Years passed. Technology continued to develop. As the technology developed, companies incorporated the free email services, free and paid conferences software, and free chat software to streamline their communication channels.

As the communication software was incorporated, companies began to offer employees the ability to work from home (telecommuting) as an additional perk.

Today, according to USC’s infographic How the Digital Age Shaped Communication Management, about 24% of American workers have been given the luxury of working at least some of their hours from home every week.

The Perks of Telecommuting

The ability to telecommute has many perks. The biggest, as far as I see, is the ability to remove the daily commute from your life. 

According to Pepperdine University’s infographic The Daily Commute in Your Rearview Mirror, every year the average commuter spends $1,129 on gas. Do you know how many copies of Lost in Space I could buy for 1,129 dollars? 225. On Blu-Ray! In all seriousness, the ability to eliminate the daily commute would allow me to utilize those funds to repay my student loans or create a nest-egg for the future.

Telecommuting also saves a significant amount of time. The average commuter spends around 25 minutes each day traveling. My own commute is closer to an hour every day. That’s 4 hours a week, 16 hours a month, or 192 hours every year that I spend traveling to and from work.

The Dangers of Telecommuting

I spend what amounts to 8 days traveling to and from work. Despite that fact, every time I hypothetically consider telecommuting, I get an image of the robot from the television version of Lost In Space waving his arms around while saying, “Danger, Will Robinson! Danger.”

Here’s some bad news. Telecommuting is not for everyone. Why? Not everyone has the personality or the work ethic to telecommute efficiently. Here are some types of people who should refrain from telecommuting:

Introverts who have limited out of work social interaction. In college, I could go days without speaking at all. These days I’m a tad more social, but I still spend large chunks of my three-day weekend not interacting with other people. Introverts may recharge during periods of silence, but they’re happiness is still dependent on social interaction. And employee productivity, according to Ohio University,  is closely linked to happiness. Introverts should either telecomute part-time, plan how they will receive their social interaction, or sign-up for a traditional on-site workday.

Individuals who have a hard time staying on task. Telecommuting requires a lot more self-control than the traditional 9-5. As a 9-5er, I experience one ten second to twenty minute urge to take the day off. Telecommuters, away from the watchful eyes of management, can experience the urge to flake on their work duties at every moment of the day to watch a rerun of Star Trek.
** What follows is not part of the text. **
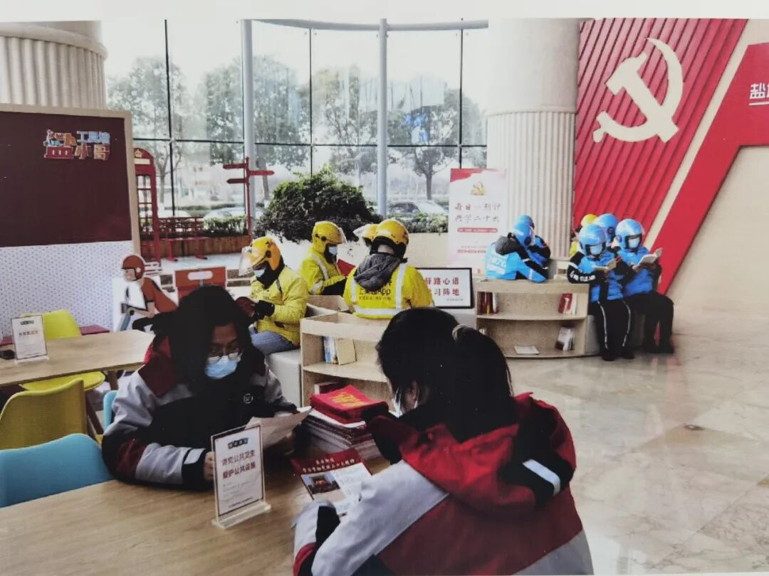 吃完午饭,不少外卖员来到隔壁的党群服务中心。宽敞的大厅里,职工读书角、饮水机、微波炉、冰箱、医药箱、充气泵、雨伞等设施一应俱全,还提供免费饮水、智能充电、应急药品、无线网络等温馨服务。区委组织部工作人员告诉记者:“按‘八有’要求,盐都整合村(社区)党群服务中心、街道便民服务中心、商圈等阵地资源,打造基础型服务站点70个、枢纽型服务站点2个,人流量高的站点日均可服务50人次以上。”

If you were one of those individuals who skipped class in school or decided not to do your homework, you might want to become a 9-5er. While at work, you can retain your job and work on developing good work habits. If you do decide to telecomute, it helps to establish a designated work area at home. While in that area, you work. While out of it, you play.
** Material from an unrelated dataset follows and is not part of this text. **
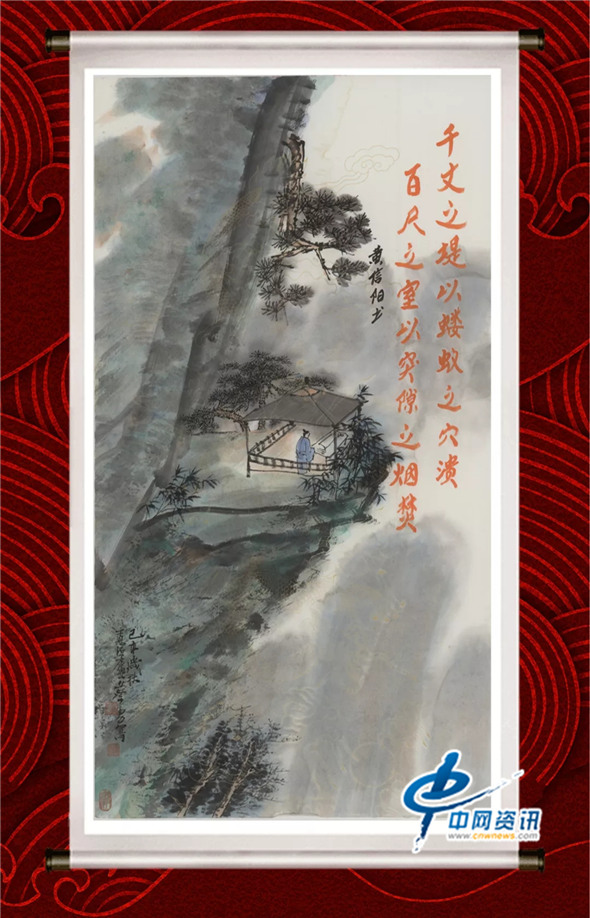 16、千丈之堤,以蝼蚁之穴溃;百尺之室,以突隙之烟焚。(画作上书法由黄信阳题写)

Technology has granted more individuals the luxury to telecommute. The ability to work from home, allows individuals to save money and time. Not have one has the habits and the personality to claim those perks. One day, we 9-5ers who can’t telecommute will have the skills, the self-control and the social life to incorporate telecommuting into our lives. Until then, we’ll just have to watch how other individuals telecommute. Like the technology explored in Lost in Space, one day we’ll catch up.